The Trust expects to grant the initial purchasers of the Trust Securities an option to purchase up to an additional $90 million aggregate purchase price of its Trust Securities. The Trust will enter into a variable forward purchase agreement with Buddy Chester Sub, a wholly owned subsidiary of PetSmart. At the closing of the offering of the Trust Securities, the Trust will pay to the Seller the net proceeds received from the issuance of the Trust Securities, excluding amounts in respect of the Trust’s expenses and amounts used by the Trust to purchase US Treasury securities, which will fund quarterly distributions on the Trust Securities. PetSmart intends to use the net proceeds received under the variable forward purchase agreement to repay outstanding debt. At the exchange date, which is expected to be May 16, 2023, the Trust will exchange each Trust Security for a certain number of shares of common stock (determined by reference to the trading price of the common stock at that time) or, subject to the Seller’s election, cash or a combination of cash and common stock. Under certain circumstances, the Trust Securities may be exchanged prior to the scheduled exchange date.

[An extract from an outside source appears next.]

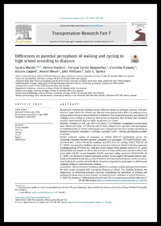 Research Impact: As part of the Built Environment and Active Transport to School (BEATS) study, we compared parental perceptions of walking versus cycling to school in adolescents in Dunedin, New Zealand and examined whether mode-specific […]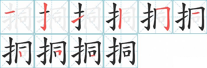 《挏》字的笔顺分步演示图(一笔一画写汉字)

The Trust Securities are only being offered to persons reasonably believed to be both qualified institutional buyers as defined in Rule 144A under the Securities Act and qualified purchasers as defined in Section 2(a)(51) of the Investment Company Act for purposes of Section 3(c)(7) of the Investment Company Act. Neither the Trust, Trust Securities nor any of the common stock subject to the Trust Securities have been or will be registered under the Investment Company Act, the Securities Act or the securities laws of any other state or jurisdiction, and therefore, may not be offered or sold in the United States without registration or an applicable exemption from registration requirements under the Investment Company Act, the Securities Act and any applicable state or other jurisdiction’s securities laws. This press release does not constitute an offer to sell or the solicitation of an offer to buy any securities nor shall there be any sale of these securities in any state or jurisdiction in which such an offer, solicitation or sale would be unlawful.